8 Outlook and Conclusions
As we have explored in this review, GPMs—especially large language model (LLM)s—hold remarkable promise for the chemical sciences. The field moved from using models in simple single calls to a GPMs to developing workflows, in which a sequence of calls is performed, to increasingly complex autonomous agents in which the model decides on its own trajectory (see 1). To power those agents, increasingly powerful models are being built, including reasoning models that promise higher data efficiency.
Yet, several fundamental questions remain unresolved. We do not understand if there are fundamental limits to what can be predicted, given the inherent unpredictability of chemical systems and the reliance on tacit knowledge. We do not know what new datasets and techniques need to be developed, given the fact that the knowledge we extract from already published data is approaching a limit.[Silver and Sutton (2025)] New data most likely will be generated by agents learning from their own experience. To optimize systems, we need to better understand the underlying structure of chemical data. In many other fields, data distributions have been shaped by special driving forces. For example, evolution led to a direct link between sequence and fitness in biological sequences, which makes such datasets special. In chemistry it is unclear what the “driving force” that shapes datasets is.
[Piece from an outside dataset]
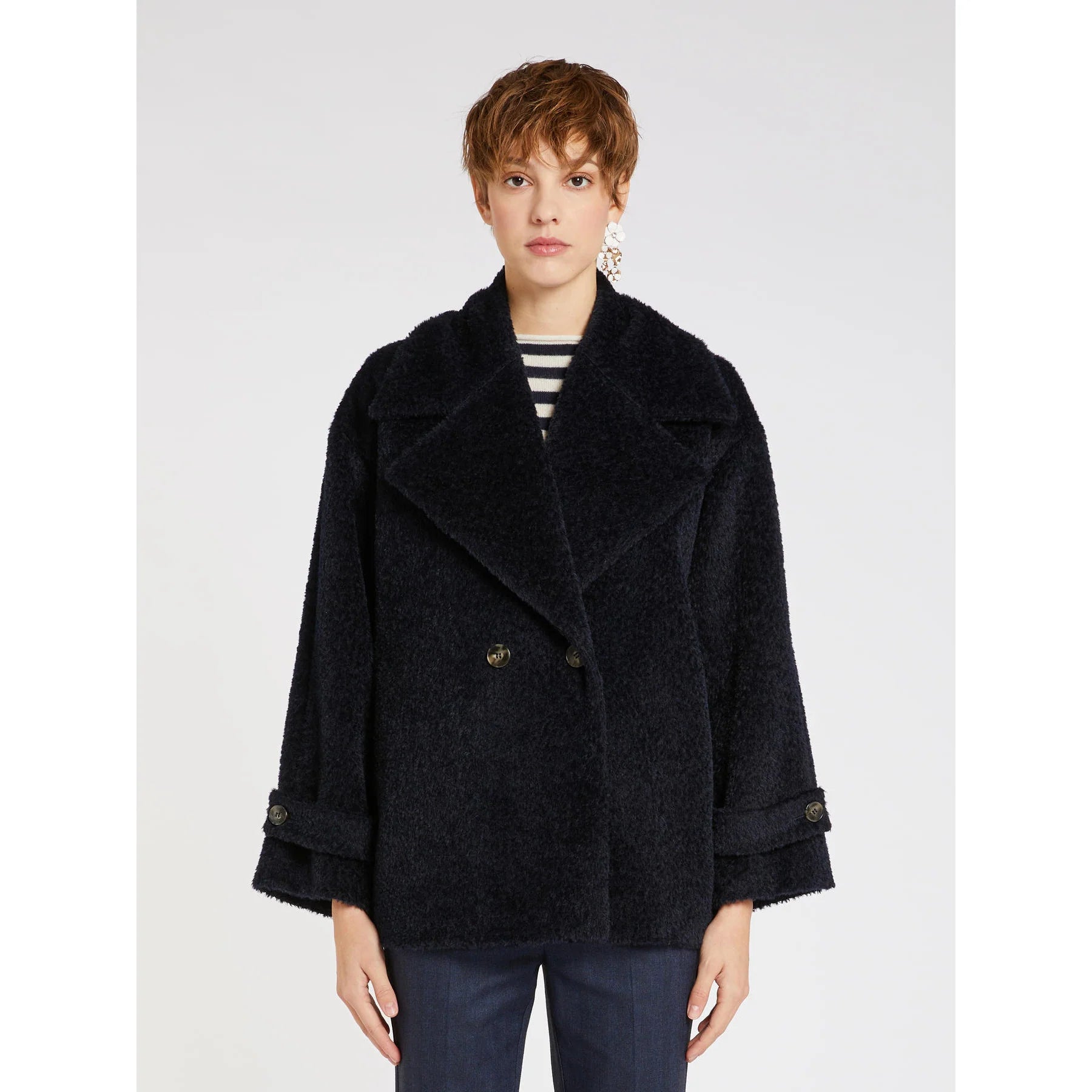Elevate your winter wardrobe with the MARELLA EMILIA coat, crafted from a luxurious blend of 52% virgin wool and 48% alpaca. This sophisticated piece combines warmth and softness for effortless elegance. The premium fabric composition ensures exceptional comfort and durability, making it a timeless investment for cooler seasons. Perfect for layering over casual or formal outfits, the EMILIA delivers refined style with superior insulation.

It is also unclear how quickly these innovations will permeate the average chemistry lab, where the adoption of new technology depends on more than just predictive prowess. And we also do not know yet how we should interface with those models for the greatest effectiveness. In addition, it is also unclear how far acceleration can take us, as nature imposes some natural speed limits: Some experiments simply take their time.
Overall, this landscape suggests a future rich with opportunity. But realizing the potential impact of GPMs demands clear-eyed caution: while it is now deceptively easy to spin up prototypes, transforming them into robust, reliable tools is a far more arduous task. [Sculley et al. (2014)] More crucial still is our need for rigorous measurement and feedback—whether in the construction of evaluation suites, the calibration of reward functions for reinforcement learning, or the design of sensible governance. No single discipline can shoulder this alone; chemists, policy experts, and computer scientists must broaden their ranks and collaborate. This is particularly since science has always benefited from embracing a diversity of approaches. While GPM-powered approaches for science, such as “AI scientists”, hold promise, a myopic focus on “AI scientists” might lead to “scientific monocultures”.[Savitsky (2025)] We hope this review lowers the barrier to entry to the background and applications of GPMs in the chemical sciences, inviting a wider spectrum of contributors to adopt a systems-science mindset—and, in doing so, to help harness the best of what GPMs can offer for tackling the chemical sciences’ most persistent and pressing challenges.